# WHAT IS BEING ASKED:
Each line below is to be repeated exactly; any picture is to be left out.

# RAW DATA:
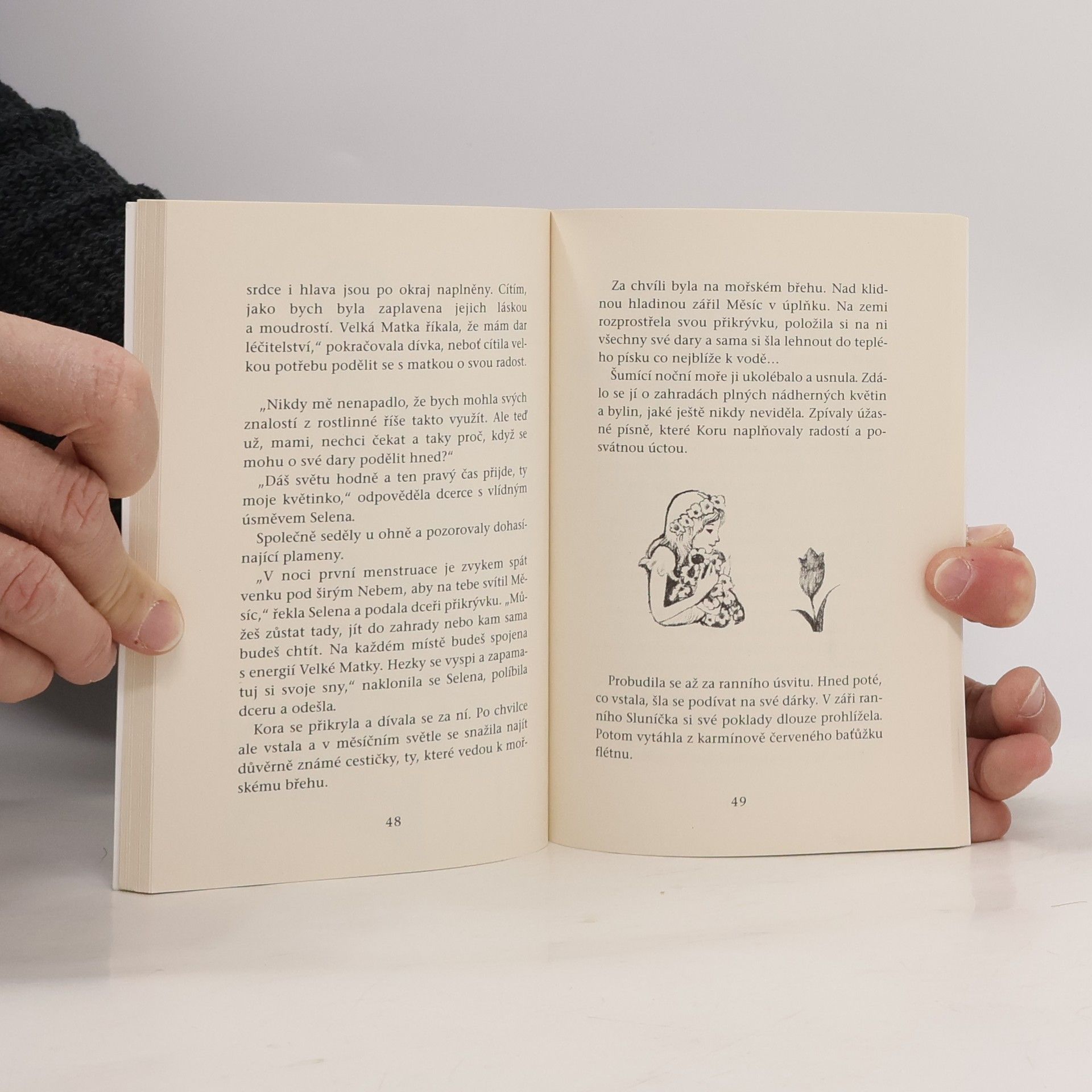 Dívka Kora, přátelící se s delfínem, prochází vnitřními biologickými změnami za účasti moudrých žen. V období prvních měsíčků přijímá duchovní poučení o posvátnosti ženství. Menarche, první menstruace, je pro dívky tajemnou bránou do nové etapy života, kdy se stávají ženami a matkami, prostorem pro růst nového života. Každá dívka by měla mít průvodce, kteří jí pomohou na této cestě – matku a starší ženy. Avšak mnohé ženy neměly možnost sdílet své zkušenosti, což v moderním světě vytváří pocity osamělosti a pochyb. Každý z nás si tak skládá mozaiku svého života, i když často chaoticky. Tato knížka může být jedním z dílků této mozaiky, zejména pro ženy. Kora prožívá velkou změnu ve svém životě, svou menarche, a vedle ní stojí její milující maminka Selena a čtyři staré moudré průvodkyně, které ji uvádějí do nového období. Kora symbolizuje každou dívku a ženu, čekající na zasvěcení do posvátných moudrostí a naplnění svých vnitřních touh. Rozkvétající ženo, blíží se tvá velká doba – doba měsíčků, čas požehnání, síly a tvořivosti. Oslavuj ji radostně a vděčně.
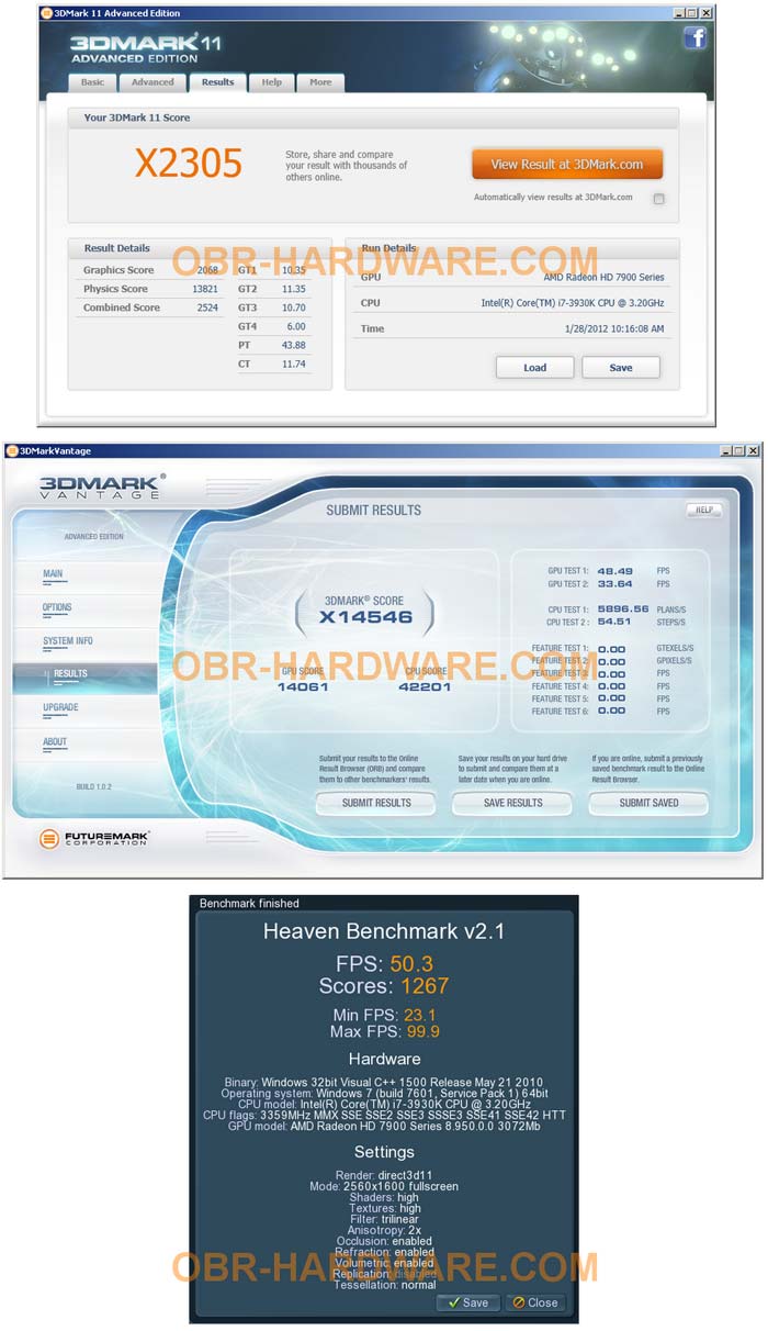 Конфиг был следующим: Asus Rampage IV Extreme, Core i7-3930K @ 4.2 ГГц (BCLK 105), 8ГБ @ 1950МГц CL9. Версия драйверов - 8.950, видеокарта работала на частотах по-умолчанию.
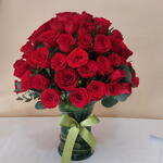Impresionante arreglo floral presentado en un elegante florero de vidrio, compuesto por 72 tallos de rosas frescas. Inmenso Amor es una expresión majestuosa de romanticismo, pasión y elegancia, ideal para sorprender en aniversarios, propuestas o cualquier ocasión especial con un detalle inolvidable lleno de belleza y sentimientos profundos.
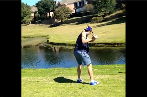 眼下,NBA新赛季季前赛激战正酣。达拉斯小牛队名将、德国人诺维茨基不忘抽空来高尔夫球场挥两杆。只是,他的球技实在不敢恭维:

# REPLY:
 Dívka Kora, přátelící se s delfínem, prochází vnitřními biologickými změnami za účasti moudrých žen. V období prvních měsíčků přijímá duchovní poučení o posvátnosti ženství. Menarche, první menstruace, je pro dívky tajemnou bránou do nové etapy života, kdy se stávají ženami a matkami, prostorem pro růst nového života. Každá dívka by měla mít průvodce, kteří jí pomohou na této cestě – matku a starší ženy. Avšak mnohé ženy neměly možnost sdílet své zkušenosti, což v moderním světě vytváří pocity osamělosti a pochyb. Každý z nás si tak skládá mozaiku svého života, i když často chaoticky. Tato knížka může být jedním z dílků této mozaiky, zejména pro ženy. Kora prožívá velkou změnu ve svém životě, svou menarche, a vedle ní stojí její milující maminka Selena a čtyři staré moudré průvodkyně, které ji uvádějí do nového období. Kora symbolizuje každou dívku a ženu, čekající na zasvěcení do posvátných moudrostí a naplnění svých vnitřních touh. Rozkvétající ženo, blíží se tvá velká doba – doba měsíčků, čas požehnání, síly a tvořivosti. Oslavuj ji radostně a vděčně.
 Конфиг был следующим: Asus Rampage IV Extreme, Core i7-3930K @ 4.2 ГГц (BCLK 105), 8ГБ @ 1950МГц CL9. Версия драйверов - 8.950, видеокарта работала на частотах по-умолчанию.
Impresionante arreglo floral presentado en un elegante florero de vidrio, compuesto por 72 tallos de rosas frescas. Inmenso Amor es una expresión majestuosa de romanticismo, pasión y elegancia, ideal para sorprender en aniversarios, propuestas o cualquier ocasión especial con un detalle inolvidable lleno de belleza y sentimientos profundos.
 眼下,NBA新赛季季前赛激战正酣。达拉斯小牛队名将、德国人诺维茨基不忘抽空来高尔夫球场挥两杆。只是,他的球技实在不敢恭维:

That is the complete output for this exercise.